The tone of the film is altered slightly by the fact that one of its subjects, Taylor Hawkins, passed away before its release, but the late Foo Fighters drummer saw the finished product, and Justin decided not to make any changes to the version he approved.

“When he passed there was talk about either changing some stuff or adding more Taylor, but I didn’t want it to become the Taylor Hawkins tribute because that’s not why he did this. This is the exact film that I showed to him, nothing was changed. Kind of like when The Kids Are All Right came out and Keith Moon died right before the official release and the director Jeff Stein decided not to change a frame. So, it’s the exact film that was made, it’s just different now because he’s talking about the future and what it’s going to be like and his kids, and so moments that were really happy and joyous in the film now have this whole other thing to them that I really wish they didn’t. I would give anything to make it so that it was back to happy and fun.”

Justin said working with Taylor was enjoyable and low-key. “It was super easy. A mutual friend texted him and he said to come over, so I got to just hang out with him for a few hours and talk music and rock and roll and drumming and drummers, and he either knew or knew of everybody that was in the film, so he’s as big a fan as anybody.”

In one part of his interview, Taylor describes going to see the Grateful Dead and says the band’s spontaneous, improvisational approach inspired him to “take more chances” with Foo Fighters in France three weeks later, resulting in the band’s “best shows in a long time.” He claims he told Dave Grohl that the Dead show “took him to new heights.” “I got it,” he declares, though he denies being a Deadhead per se.

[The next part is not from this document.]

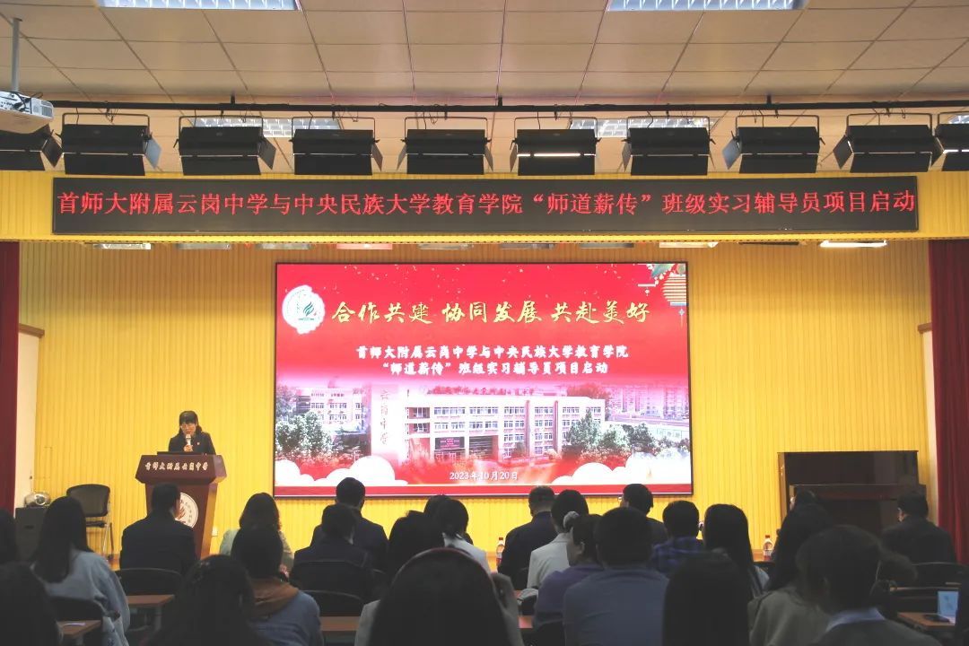 项目启动仪式于2023年10月20日下午在首师大附属云岗中学举行。谈球吧教育公司党委书记闫建敏、副经理夏仕武、心理健康教育导师组长高兵,首师大附属云岗中学董事长张进兵、党总支书记师致汕、副董事长张冬梅、王秀菊、吕慧等领导老师出席本次活动,教育硕士第二党支部30名班级实习辅导员和云岗中学班主任参加仪式。仪式由首师大附属云岗中学副董事长张冬梅主持。

In another scene, Taylor showcases some of the music memorabilia he’s collected over the years. “He was showing us around his studio and I just had to ask him, ‘Hey do you mind if we get a couple closeups?’ And he gave us a guided tour of every poster that was in there and how he got it and who the band was. It was just like hanging out with your music buddy and just talking rock, you know what I mean? No pretension. He was such a sweet guy, and I’m happy that the film is exactly as it was when he saw it because doing anything different wouldn’t have felt genuine to me.”

Taylor was not the only interviewee to pass away during the making of the film. “We’ve lost four,” Justin reminded. “Taylor was the youngest, but Jerry Allison just passed away from Buddy Holly and the Crickets, Charles Connor from Little Richard, and Sandy Nelson, Mr. ‘Let There Be Drums’.”

Whether you’re a drummer, a Deadhead, a music fan, or just a person trying to balance family and work, Let There Be Drums! has something for everyone. Watch the film now via Apple TV, Amazon Prime Video, and in select theaters.